Onboard cameras, on the other hand, provide fans with the same look and feel that the driver experiences as he flies around the track, but from many more vantage points than the driver.

These small cameras can be placed almost anywhere and at any level – above the driver, facing backward, forwards, and even swivel to provide the viewer with a panoramic view of the proceedings.

The viewer can almost feel the bumps on the track whenever the driver encounters a rough patch of the roadway, and just how close the driver comes to the barriers on a street circuit, like what you have with Monaco or Singapore, and how terrifying the entry to some of the blind corners can be for the driver.

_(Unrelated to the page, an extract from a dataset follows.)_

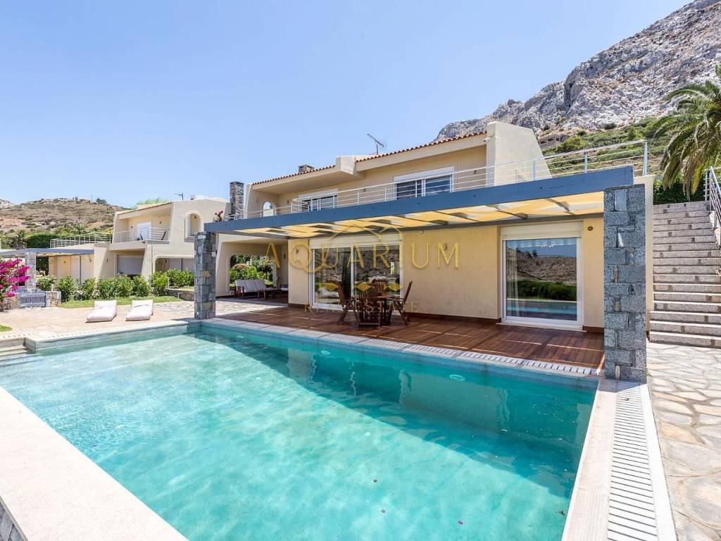 Palea Fokea, location Katafigio , in just 50 meters from a sandy beach with crystal-clear waters, there is this exceptional 3,000 sqm. property. A complex with two identical luxury villas — an ideal choice for permanent residence, holiday retreat, or investment. Located in a serene and scenic area the villas are surrounded by other high-end properties. Each villa offers five spacious bedrooms ( 2 double beds and 5 single beds ), five bathrooms, a fully equipped modern kitchen, a bright and airy living room, flat-screen TV with cable channels, and a cozy fireplace. Additional amenities include an elevator, home office, heating system, and full air conditioning. Outside, each villa boasts a private swimming pool, expansive terraces with breathtaking views of the Aegean Sea, modern appliances, and private parking. With contemporary architecture and premium-quality finishes, this is a true statement of coastal elegance and comfort.

Before the advent of the automatic gearbox, cameras mounted directly over the driver’s right shoulder allowed the viewer to see every time the driver shifted gears as he motored around the track.

The broadcast director would try to show as many onboard camera angles as possible during a Grand Prix broadcast so the audience can see exactly what the driver is experiencing, how hard he’s working at keeping the vehicle under control, when he changes any of the controls on the steering wheel and, the battle of wits he is going through as he tries to outsmart and pass his competitors.

Earlier Versions Of The Onboard Camera In F1

Onboard cameras have been around for a long time. They made their debut way back in 1956 when Mike Halliward’s team outfitted his Jaguar D-type car with an onboard camera at Le Mans to record his laps of the circuit while communicating with him via a microphone pinned to his lapel.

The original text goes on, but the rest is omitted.